His belief, which I shared and on my part developed in The Method, was that the real issue of our modernity was a renewal of the scientific and of the epistemological problems-area, capable of taking up the challenge of complexity. And we have both dedicated these decades to taking up this challenge. This challenge, for Mauro, emerges precisely from the bowels of European history and civilization, and Europe is faced today with it as an unavoidable task.

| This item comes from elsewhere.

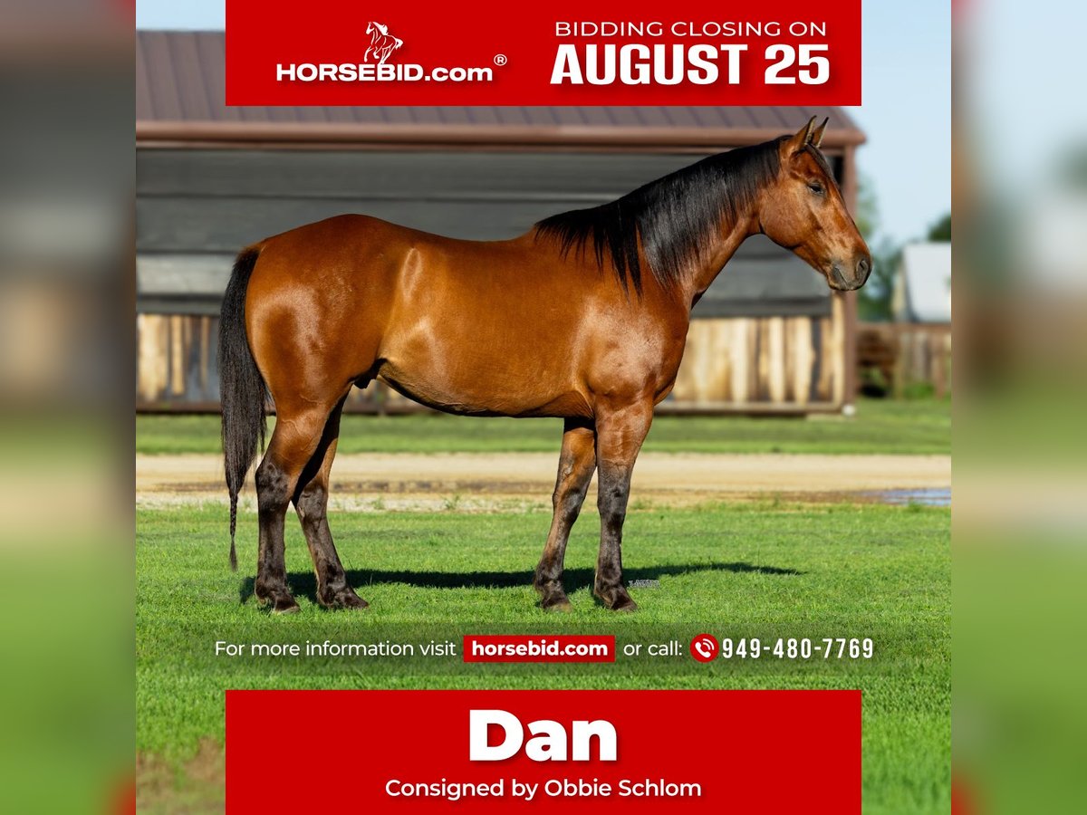 ⭐️ 𝐀𝐔𝐆𝐔𝐒𝐓 𝓐𝓵𝓵 𝓢𝓽𝓪𝓻 𝓛𝓲𝓷𝓮𝓾𝓹 ⭐️ Happening now thru MONDAY | AUGUST 25th - Available EXCLUSIVELY on HorseBid's website! For more details and to register visit: www.Horsebid.com CONSIGNOR CONTACT: Obbie Schlom (949) 480-7769 LOCATION: Canyon, TX BREED: Quarter Horse REGISTERED: Yes REGISTERED NAME: Santa Fe Gallo 809 COLOR: Bay HEIGHT: 15 AGE: 7 GENDER: Gelding "𝐃𝐚𝐧" 𝐒𝐚𝐧𝐭𝐞 𝐅𝐞 𝐆𝐚𝐥𝐥𝐨 𝟖𝟎𝟗 (2018 𝘈𝘘𝘏𝘈 𝘉𝘢𝘺 𝘎𝘦𝘭𝘥𝘪𝘯𝘨) Solid Ranch Gelding. This big, athletic, Gelding is one that's not going to give you a headache, and is as willing as they come. He's broke, moves off your feet, and has the strength to take you miles. Dan's quite literally dog gentle, his demeanor is as laid back as they come but don't let that fool you - he still has the motor to take you to where you want to go and has a nice pretty stop to boot! Dan has been ridden bridleless, he's roped out of the box, more so on the head side. With a few more trips and some seasoning, he'd make someone a very fun head horse. 6 days off, or 6 months off he stays the same. This is a Gelding that will fit all ages, and one that you will want to keep around for the long haul. Point him in any direction you want and have fun with him. If you're looking for a Gelding that won't be a hassle, you can enjoy, or use, Dan is your guy. Great feet, no vices, no soundness issues, passes pre purchase exam, UTD, easy going and great in the arena and outside in the pasture. Located in Canyon, TX and trained by Obbie Schlom.

He shows, in his speeches and in his books, that in thinking about Europe one cannot dissociate its multiple diversity from its unity, indicating that the Europe to be built (if this is still possible) must be that of unity in multiculturalism. Presenting the French edition of our book Our Europe, in 2014 I wrote that it was «the work of two brotherly spirits, that of Mauro Ceruti and mine: I find myself in him as he finds himself in me». Together, in that book, we raised the alarm.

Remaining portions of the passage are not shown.